Thus, our data pre-processing goal is to construct $P$ and our analysis goal is to compute the steady-state probability distribution, $x^*$, for a first-order Markov chain system.

## Modules

For this part of the notebook, let's use Pandas for preprocessing the raw data and SciPy's sparse matrix libraries to implement the analysis.

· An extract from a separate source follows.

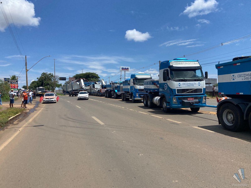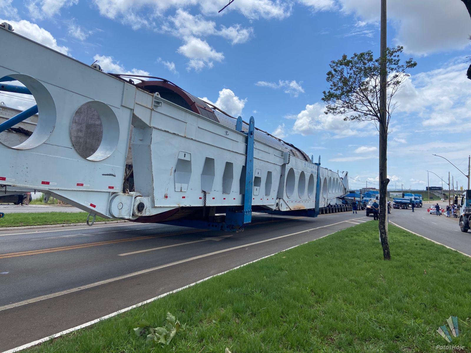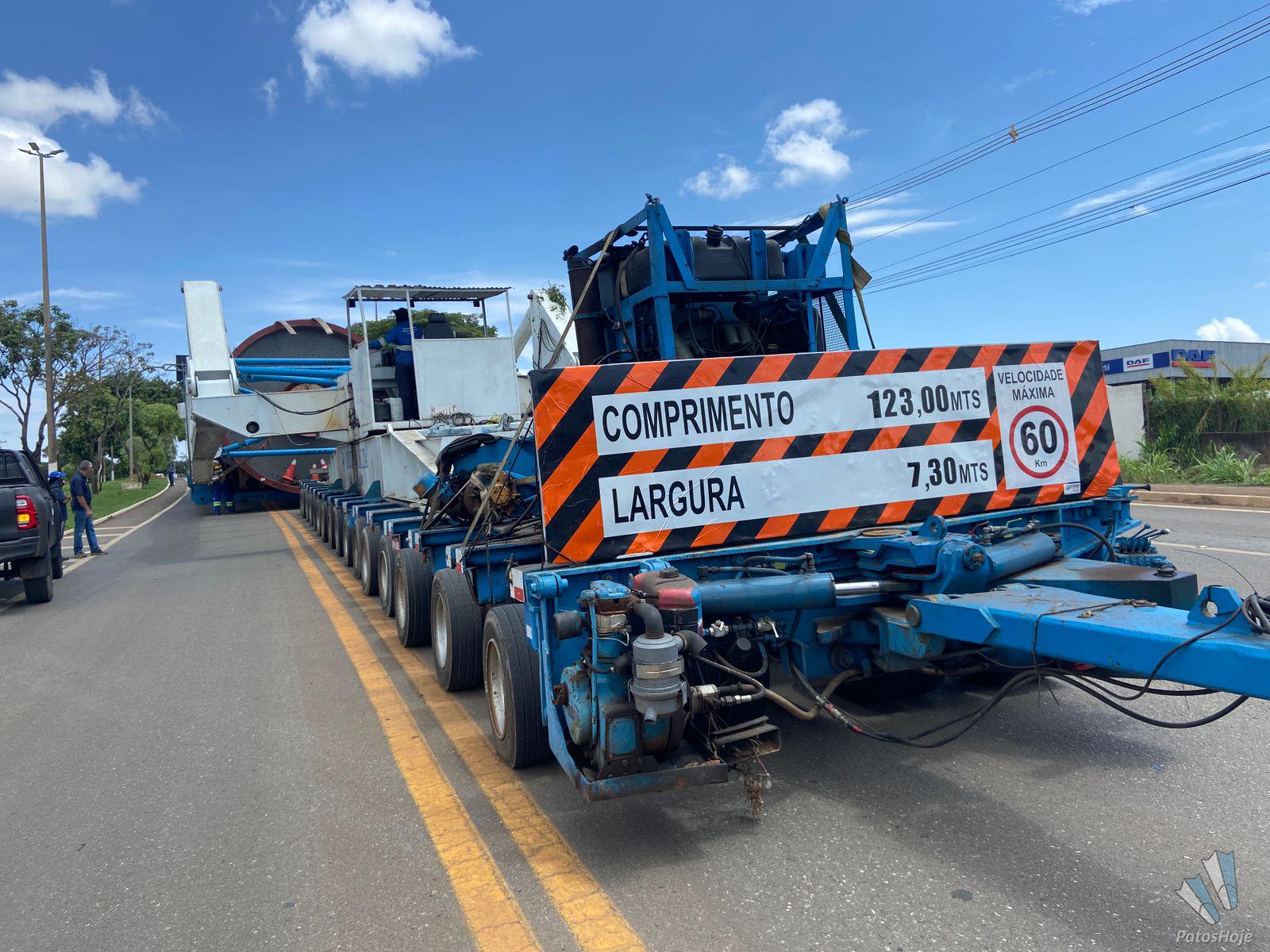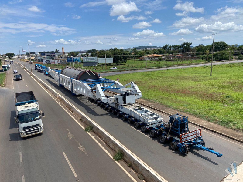 O comboio que transporta um sistema de moagem de quase 640 toneladas passou pelo Trevo da Pipoca, entroncamento da BR352 com a BR365, em Patos de Minas, na manhã desta terça-feira (02). A cena atraiu várias pessoas que acompanharam a manobra no viaduto. A carga está sendo transportada para a cidade de Edealina, município do Goiás.
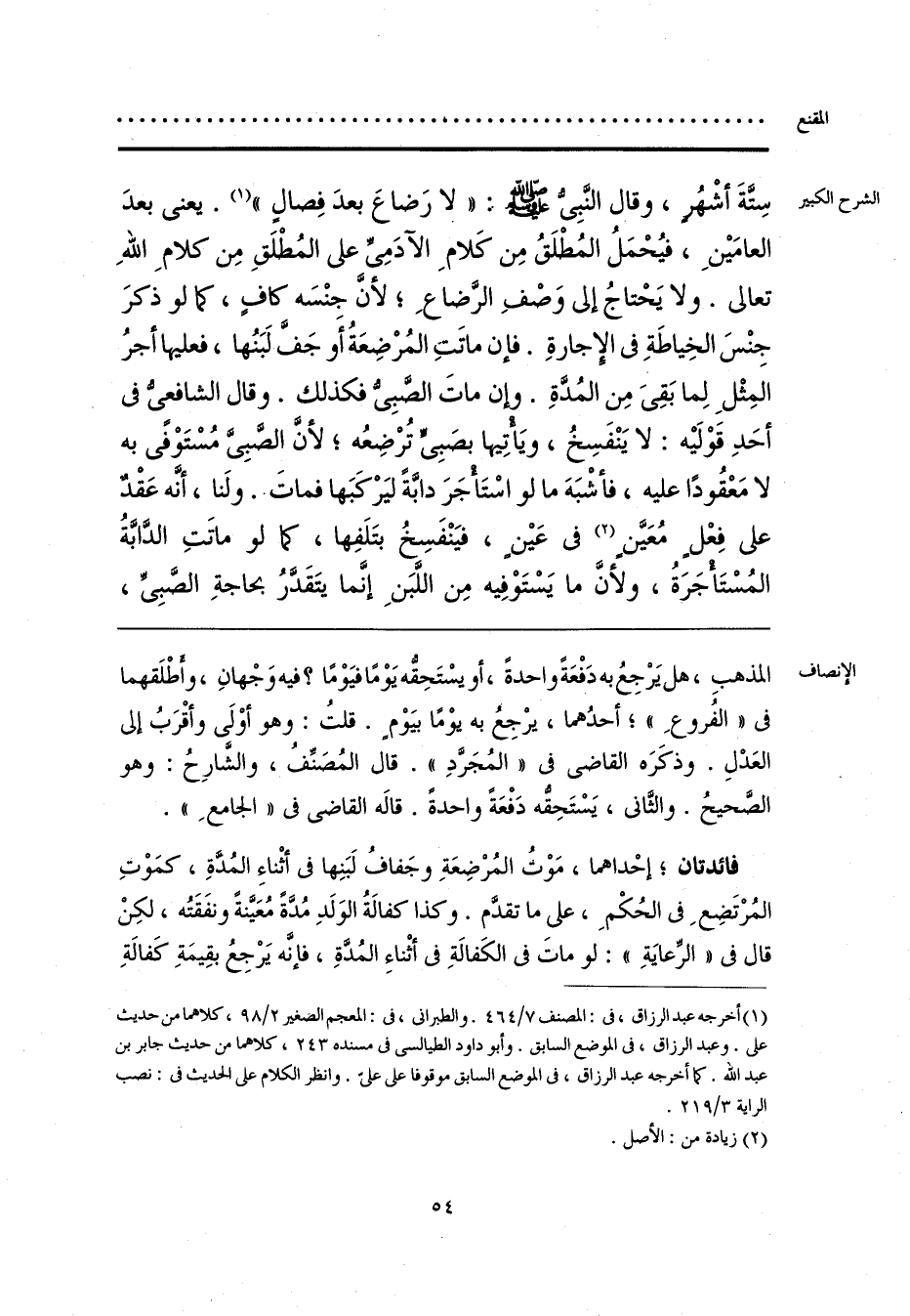فائدتان؛ إحْداهما، مَوْتُ المُرْضِعَةِ وجَفافُ لَبَنِها فى أثْناءِ المُدَّةِ، كمَوْتِ المُرْتَضِعِ فى الحُكْمِ، على ما تقدَّم. وكذا كفالَةُ الوَلَدِ مُدَّةً مُعَيَّنةً ونفَقَتُه، لكِنْ قال فى «الرِّعايَةِ»: لو ماتَ فى الكَفالَةِ فى أثْناءِ المُدَّةِ، فإنَّه يَرْجِعُ بقِيمَةِ كَفالَةِ

> One of the cells below defines a function, `spy()`, that can be used to visualize the non-zero structure of a sparse matrix.

In [0]:
import numpy as np
import scipy as sp
import scipy.sparse
import pandas as pd

import matplotlib.pyplot as plt
%matplotlib inline

def spy(A, figsize=(6, 6), markersize=0.5):
    """Visualizes a sparse matrix."""
    fig = plt.figure(figsize=figsize)
    plt.spy(A, markersize=markersize)
    plt.show()
    
from IPython.display import display, Markdown

def canonicalize_tibble(X):
    var_names = sorted(X.columns)
    Y = X[var_names].copy()
    Y.sort_values(by=var_names, inplace=True)
    Y.reset_index(drop=True, inplace=True)
    return Y

def tibbles_are_equivalent (A, B):
    A_canonical = canonicalize_tibble(A)
    B_canonical = canonicalize_tibble(B)
    cmp = A_canonical.eq(B_canonical)
    return cmp.all().all()

In [0]:
import requests
import os
import hashlib
import io

def download(file, local_dir="", url_base=None, checksum=None):
    local_file = "{}{}".format(local_dir, file)
    if not os.path.exists(local_file):
        url = "{}{}".format(url_base, file)
        print("Downloading: {} ...".format(url))
        r = requests.get(url)
        with open(local_file, 'wb') as f:
            f.write(r.content)
            
    if checksum is not None:
        with io.open(local_file, 'rb') as f:
            body = f.read()
            body_checksum = hashlib.md5(body).hexdigest()
            assert body_checksum == checksum, \
                "Downloaded file '{}' has incorrect checksum: '{}' instead of '{}'".format(local_file,
                                                                                           body_checksum,
                                                                                           checksum)
    print("'{}' is ready!".format(file))
    
URL_BASE = "https://raw.githubusercontent.com/boyerr111/newmanu_AML2/master/datasets/"
DATA_PATH = ""

datasets = {'L_AIRPORT_ID.csv': 'e9f250e3c93d625cce92d08648c4bbf0',
            'L_CITY_MARKET_ID.csv': 'f430a16a5fe4b9a849accb5d332b2bb8',
            'L_UNIQUE_CARRIERS.csv': 'bebe919e85e2cf72e7041dbf1ae5794e',
            'us-flights--2017-08.csv': 'eeb259c0cdd00ff1027261ca0a7c0332',
            'flights_atl_to_lax_soln.csv': '4591f6501411de90af72693cdbcc08bb',
            'origins_top10_soln.csv': 'de85c321c45c7bf65612754be4567086',
            'dests_soln.csv': '370f4c632623616b3bf26b6f79993fe4',
            'dests_top10_soln.csv': '4c7dd7edf48c4d62466964d6b8c14184',
            'segments_soln.csv': '516a78d2d9d768d78bfb012b77671f38',
            'segments_outdegree_soln.csv': 'b29d60151c617ebafd3a1c58541477c8'
           }

for filename, checksum in datasets.items():
    download(filename, local_dir=DATA_PATH, url_base=URL_BASE, checksum=checksum)
    
print("\n(All data appears to be ready.)")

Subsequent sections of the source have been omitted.